The operational impact of this vulnerability is significant as it can lead to kernel memory corruption and potential system instability or exploitation. Attackers who can control SCSI debug operations or have access to the scsi_debug device interface could potentially leverage this flaw to execute arbitrary code in kernel space, bypassing kernel memory protection mechanisms. The vulnerability affects systems running Linux kernel versions prior to the fix, particularly those utilizing the scsi_debug kernel module for debugging or testing purposes. This type of vulnerability falls under ATT&CK technique T1068 which covers Exploitation for Privilege Escalation, and T1547.001 which covers Registry Run Keys / Startup Folder. The security implications extend beyond simple memory corruption as the flaw could enable attackers to escalate privileges or cause denial of service conditions that may persist until system reboot.

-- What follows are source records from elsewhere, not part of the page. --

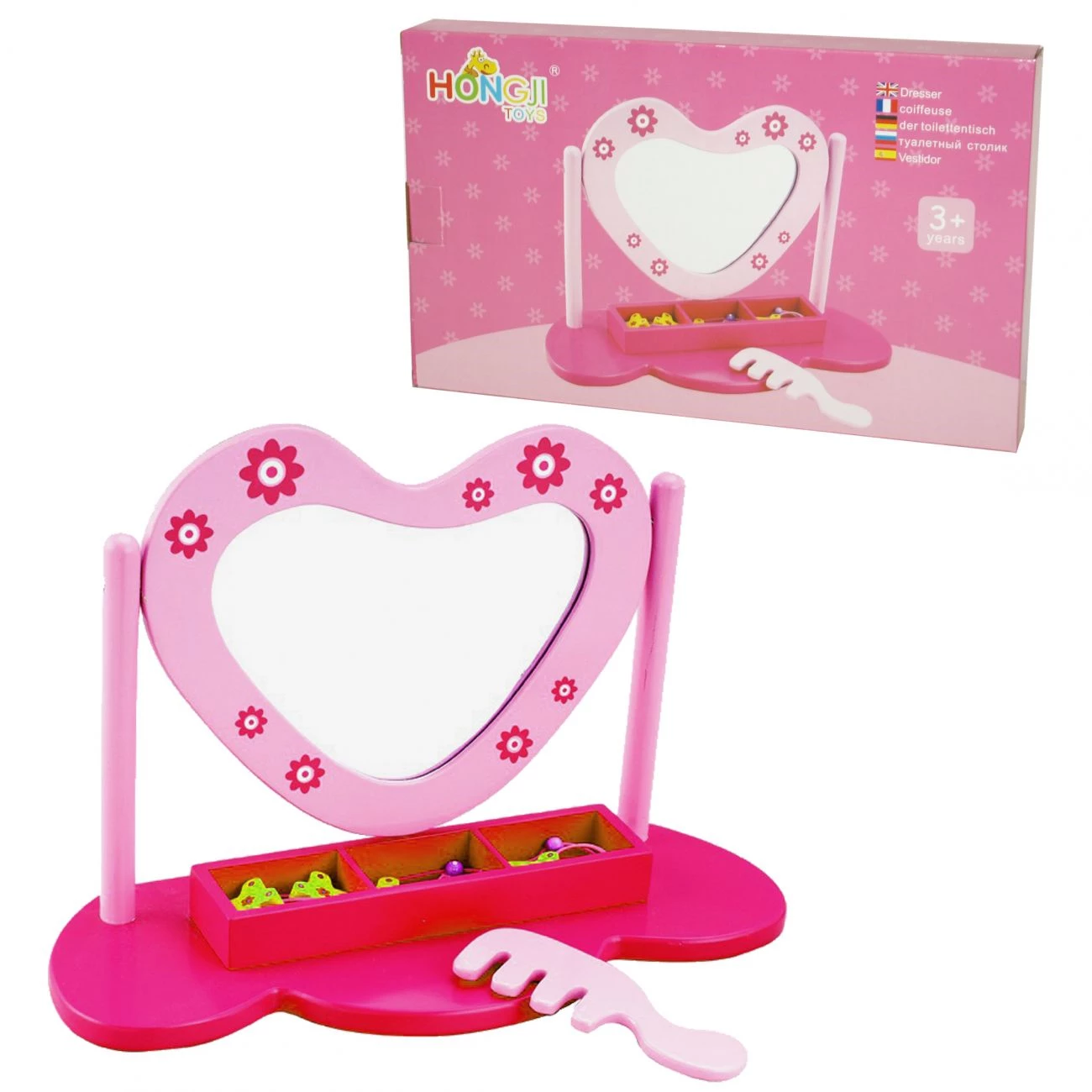 Leseno ogledalo, cca 21,0 x 34,5 x 43 cm. Polepšaj svojo sobo z lepim ogledalom, ki naj ti ga pomaga sestaviti starš, sama pa v predalčke spodaj pospravi svojo kozmetiko. Primerno za deklice +3 leta.
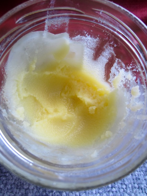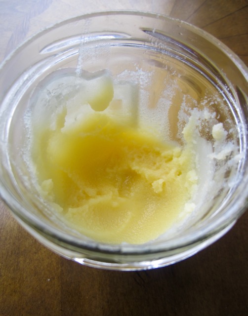 The resulting ghee has a longer shelf life than clarified butter and stays semi-solid at room temperature.
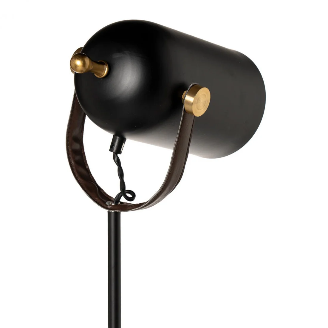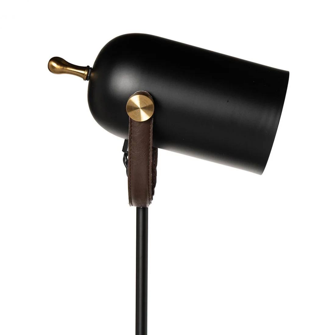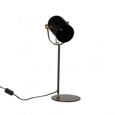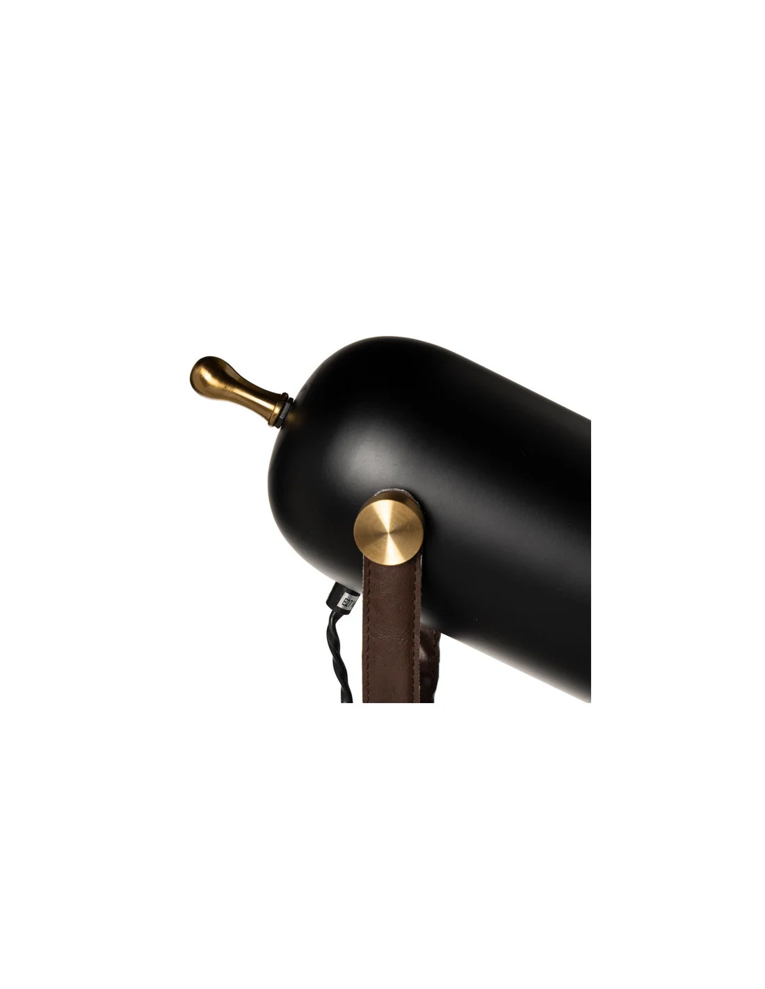 Su cuerpo de metal negro contrasta con los detalles en latón y con la correa de cuero, perfecta para crear ambientes llenos de personalidad.

Mitigation strategies for this vulnerability involve applying the official kernel patch that corrects the min_t() macro usage by explicitly specifying the u32 type instead of int. System administrators should ensure all Linux systems running kernel versions affected by this vulnerability are updated with the latest security patches. Additionally, disabling the scsi_debug kernel module when not actively needed provides a temporary workaround, though this may impact debugging capabilities for legitimate users. The fix addresses the core issue by ensuring proper unsigned 32-bit type handling in the buffer size calculations, preventing the sign extension behavior that caused the overflow condition. Regular kernel security updates and monitoring for similar type-related vulnerabilities in kernel subsystems remain crucial for maintaining system security posture. Organizations should also consider implementing kernel memory protection mechanisms and monitoring for suspicious kernel memory access patterns that could indicate exploitation attempts.